The prevalence of obesity is currently estimated at about 300 million people worldwide and is continuing to rise. Therefore, obesity is increasingly becoming a significant cause of disability and appears to lessen life expectancy markedly. From a societal perspective, obesity is associated with a decreased quality of life and increased healthcare costs. Based on our current understanding of obesity as a complex, multifactor condition with interactions between genetic, metabolic, environmental and personal factors, a patient-centred approach is critical for effective treatment, to measure the burden of disease and to evaluate treatment outcomes. Research has underlined the importance of measuring health status of obese patients and suggest the application of both, generic and condition-specific measures. However, no systematic framework that covers the spectrum of symptoms and problems in functioning of persons with obesity had been established at the time.
To tackle this issue, the ICF Research Branch and the World Health Organisation (WHO) with the scientific support of University Hospital of Berne (Switzerland), Parnassia Psychomedical Centre (The Netherlands), Ludwig-Maximilian University (Germany), Swiss Association of Physiotherapy (Switzerland), Obesity Institute/MedStar Research Institute (USA) and Hannover Medical School (Germany), initiated a project to develop internationally-accepted and evidence-based ICF Core Sets for obesity. This project was part of a larger project examining 12 chronic conditions with a high burden of disease.

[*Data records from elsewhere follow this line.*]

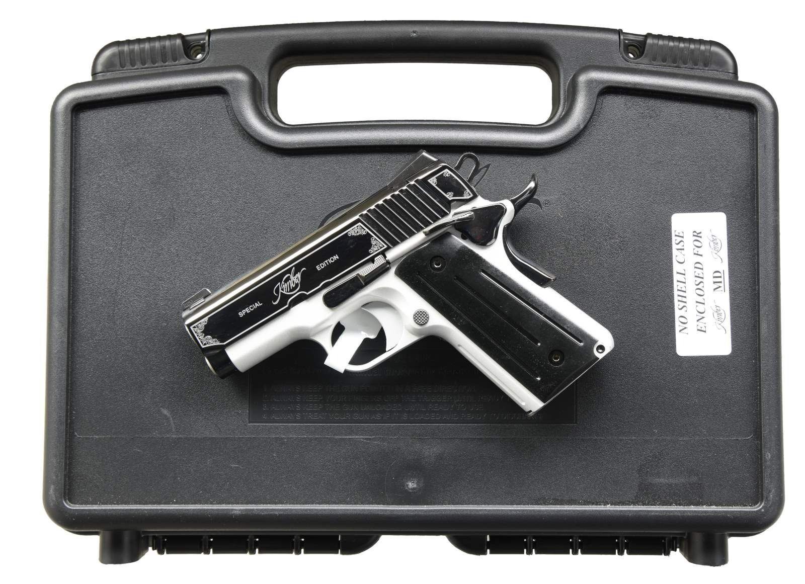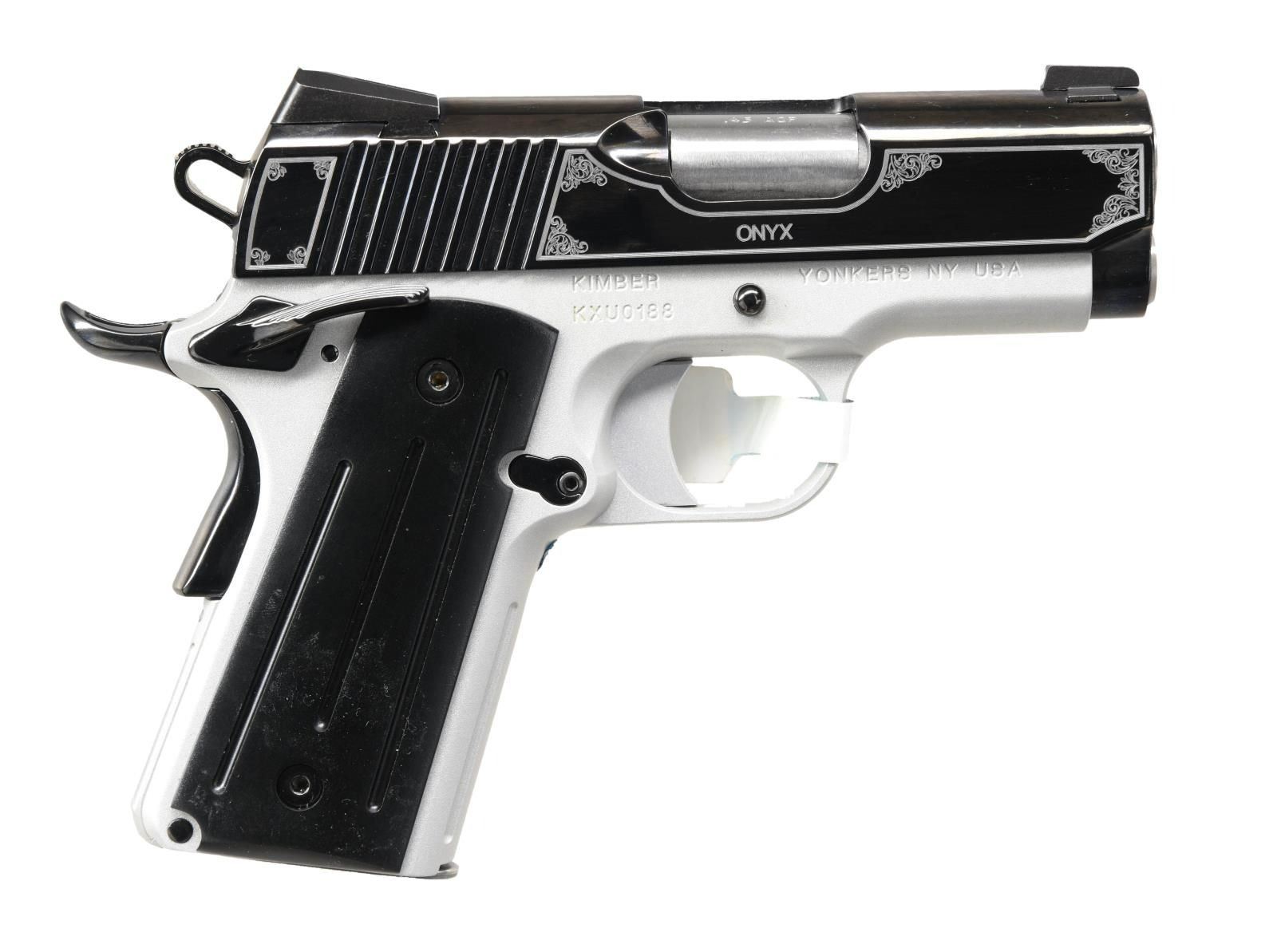 Cal. 45 ACP. S# KXU0188. Bbl. 3". Three dot night sights. Extended ambi safety. Extended beavertail grip safety. Rear slide serrations. Stainless frame. Black PVD coated slide w/ scroll accents. Factory hang tag still present. Black ball milled Micarta thin grips. MAGS: 1-6 rd. factory .UNATTACHED ACCESSORIES: factory hardcase matching numbered to gun w/ foam inserts, manual, cable lock, chamber flag, lubricant & paperwork. CONDITION: all aspects near excellent. PROVENANCE: The Collection of Gun Sport Ltd. owned by Jon R. Thomas. (23-3038/MJC). MODERN. $1,000-1,500.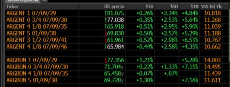 Finalmente, los títulos del tramo medio muestran ganancias de 0,5% y 0,44% para los bonos a 2041 y 2046.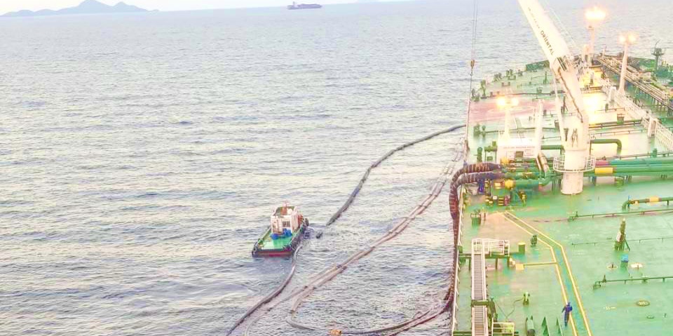 The valves connecting the SBM-2 were closed, the oil boom and dispersant have been put in place to prevent the oil spread.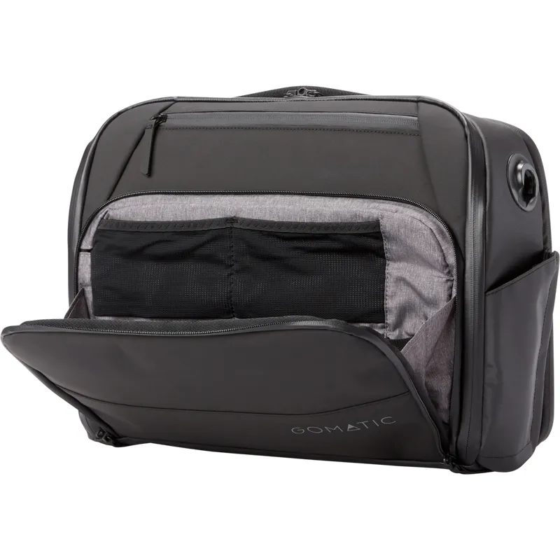 Transport your gear in comfort with the Messenger Bag V2 from Gomatic. Designed for everyday use, this messenger bag features a weather-resistant exterior and customizable interior panels as well as a TSA-ready laptop compartment for devices up to 16.3" wide. Wear the Messenger Bag V2 over your shoulder using the adjustable Fidlock strap, or remove the strap entirely and carry the bag like a briefcase. In addition to an RFID-blocking pocket and magnetic water bottle pockets, this bag also sports a full-perimeter zipper for easy and secure closure. An integrated roller bag sleeve allows you to easily attach the bag to luggage for quick transport. The Gomatic Messenger Bag V2 comes with a retractable key leash and a protective sunglasses case.

The preparatory phase included a systematic literature review, a Delphi exercise and an empirical data collection using the ICF checklist:
An international ICF consensus conference took place from 31 January to 3 February 2003 at a quiet monastery situated in a pleasant landscape far from any city and distractions. The aim of the conference was to establish the Comprehensive and Brief ICF Core Sets for patients with obesity. Twenty-one experts from 8 different countries decided which ICF categories are to be included in the ICF Core Sets for obesity following a formal, decision-making and consensus process which integrated the results from the 3 preparatory studies.
109 ICF categories were selected for inclusion in the Comprehensive ICF Core for obesity. These categories can be taken into account when conducting a comprehensive, multidisciplinary assessment. Out of the 109 Comprehensive ICF Core Set categories, 8 second-level ICF categories were selected for the Brief ICF Core for obesity. The Brief ICF Core Set can be used in assessing patients participating in a clinical study on obesity.